▶ Problem:
Pictures in the entries below are to be left out; otherwise, reproduce exactly the lines from the first through the line containing "1、当前天气状况,配备实时背".

▶ Given entries:
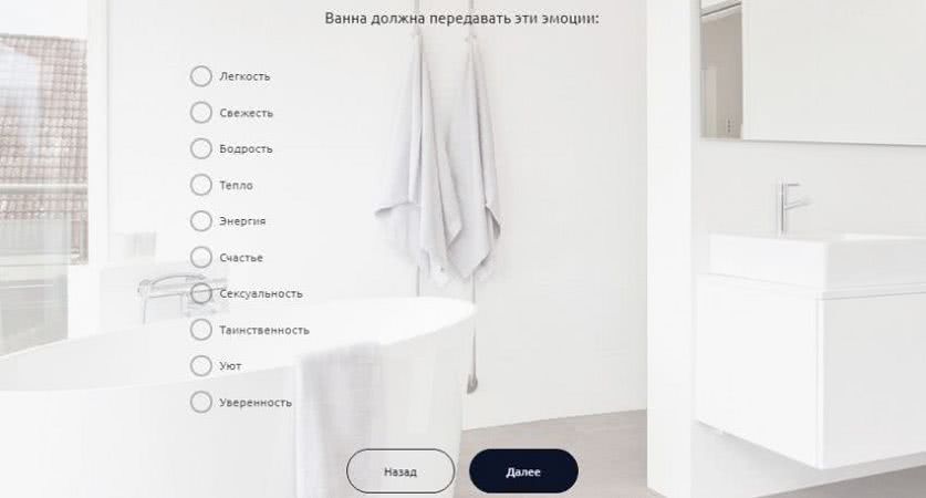 Для компании разработали тест «Какое сочетание цвета ванной комнаты вам подходят лучше всего?». В него который включили вопросы для подбора плитки в ванную: какие стили оформления нравятся, какое должно быть настроение, насколько большая комната и так далее.
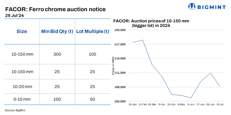 Vedanta-Ferro Alloys Corporation Ltd (FACOR) has scheduled an auction for high-carbon (HC) ferro chrome (0-150 mm) on 29 Jul’24. At the previous auction on 15 Jul’24, the bigger lot of 10-150 mm fetched an H1 price of INR 108,100/t exw. BigMint assessed ferro chrome (HC60%) prices at INR 107,200/t exw-Jajpur on 26 Jul’24.
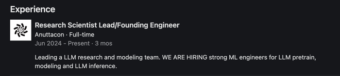他在 Anuttacon 任创始工程师、大模型研究团队负责人。
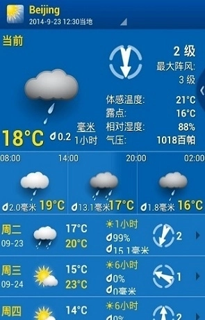 1、当前天气状况,配备实时背景展示的24小时天气预报,以及包含每三小时数据的7天天气预报
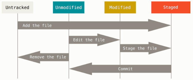 워킹 디렉토리의 모든 파일은 크게 Tracked(관리대상임)와 Untracked(관리대상이 아님)로 나눈다. Tracked 파일은 이미 스냅샷에 포함돼 있던 파일이다. Tracked 파일은 또 Unmodified(수정하지 않음)와 Modified(수정함) 그리고 Staged(커밋으로 저장소에 기록할) 상태 중 하나이다. 간단히 말하자면 Git이 알고 있는 파일이라는 것이다.

▶ Answer to the problem:
 Для компании разработали тест «Какое сочетание цвета ванной комнаты вам подходят лучше всего?». В него который включили вопросы для подбора плитки в ванную: какие стили оформления нравятся, какое должно быть настроение, насколько большая комната и так далее.
 Vedanta-Ferro Alloys Corporation Ltd (FACOR) has scheduled an auction for high-carbon (HC) ferro chrome (0-150 mm) on 29 Jul’24. At the previous auction on 15 Jul’24, the bigger lot of 10-150 mm fetched an H1 price of INR 108,100/t exw. BigMint assessed ferro chrome (HC60%) prices at INR 107,200/t exw-Jajpur on 26 Jul’24.
他在 Anuttacon 任创始工程师、大模型研究团队负责人。
 1、当前天气状况,配备实时背景展示的24小时天气预报,以及包含每三小时数据的7天天气预报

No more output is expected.